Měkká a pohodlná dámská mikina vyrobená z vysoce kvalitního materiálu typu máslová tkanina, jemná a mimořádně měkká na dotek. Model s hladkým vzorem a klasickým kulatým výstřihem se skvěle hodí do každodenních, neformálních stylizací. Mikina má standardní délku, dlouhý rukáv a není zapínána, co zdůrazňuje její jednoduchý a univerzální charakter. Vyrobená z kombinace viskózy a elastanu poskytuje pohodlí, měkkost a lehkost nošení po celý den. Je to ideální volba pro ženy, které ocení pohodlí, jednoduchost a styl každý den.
:::
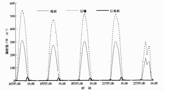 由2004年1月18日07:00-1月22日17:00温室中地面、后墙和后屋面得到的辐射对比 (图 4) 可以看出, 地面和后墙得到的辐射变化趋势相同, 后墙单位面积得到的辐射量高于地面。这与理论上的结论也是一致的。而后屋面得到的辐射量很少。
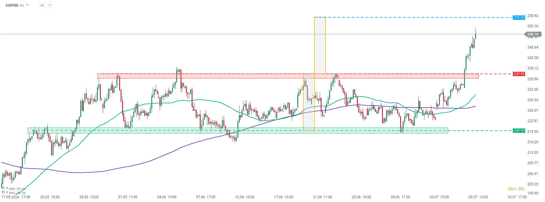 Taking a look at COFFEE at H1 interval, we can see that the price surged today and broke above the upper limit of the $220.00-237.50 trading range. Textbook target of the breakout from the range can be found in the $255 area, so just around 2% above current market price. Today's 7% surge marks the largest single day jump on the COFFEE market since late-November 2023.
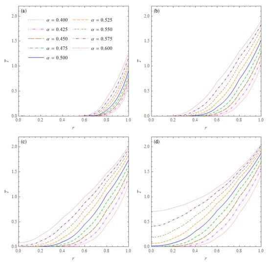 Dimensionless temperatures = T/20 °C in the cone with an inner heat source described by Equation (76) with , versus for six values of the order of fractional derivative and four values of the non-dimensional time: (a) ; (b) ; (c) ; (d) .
:::
* [Exercise requirements] Give the lines above again exactly, from the one containing "由2004年1月18日07:00-1月22日17:00温室中地面、后墙和后屋面得到的辐射对比 (图 4)" to the one containing "Dimensionless temperatures = T/20", both included, but leave out the pictures.

* [Task result]
 由2004年1月18日07:00-1月22日17:00温室中地面、后墙和后屋面得到的辐射对比 (图 4) 可以看出, 地面和后墙得到的辐射变化趋势相同, 后墙单位面积得到的辐射量高于地面。这与理论上的结论也是一致的。而后屋面得到的辐射量很少。
 Taking a look at COFFEE at H1 interval, we can see that the price surged today and broke above the upper limit of the $220.00-237.50 trading range. Textbook target of the breakout from the range can be found in the $255 area, so just around 2% above current market price. Today's 7% surge marks the largest single day jump on the COFFEE market since late-November 2023.
 Dimensionless temperatures = T/20 °C in the cone with an inner heat source described by Equation (76) with , versus for six values of the order of fractional derivative and four values of the non-dimensional time: (a) ; (b) ; (c) ; (d) .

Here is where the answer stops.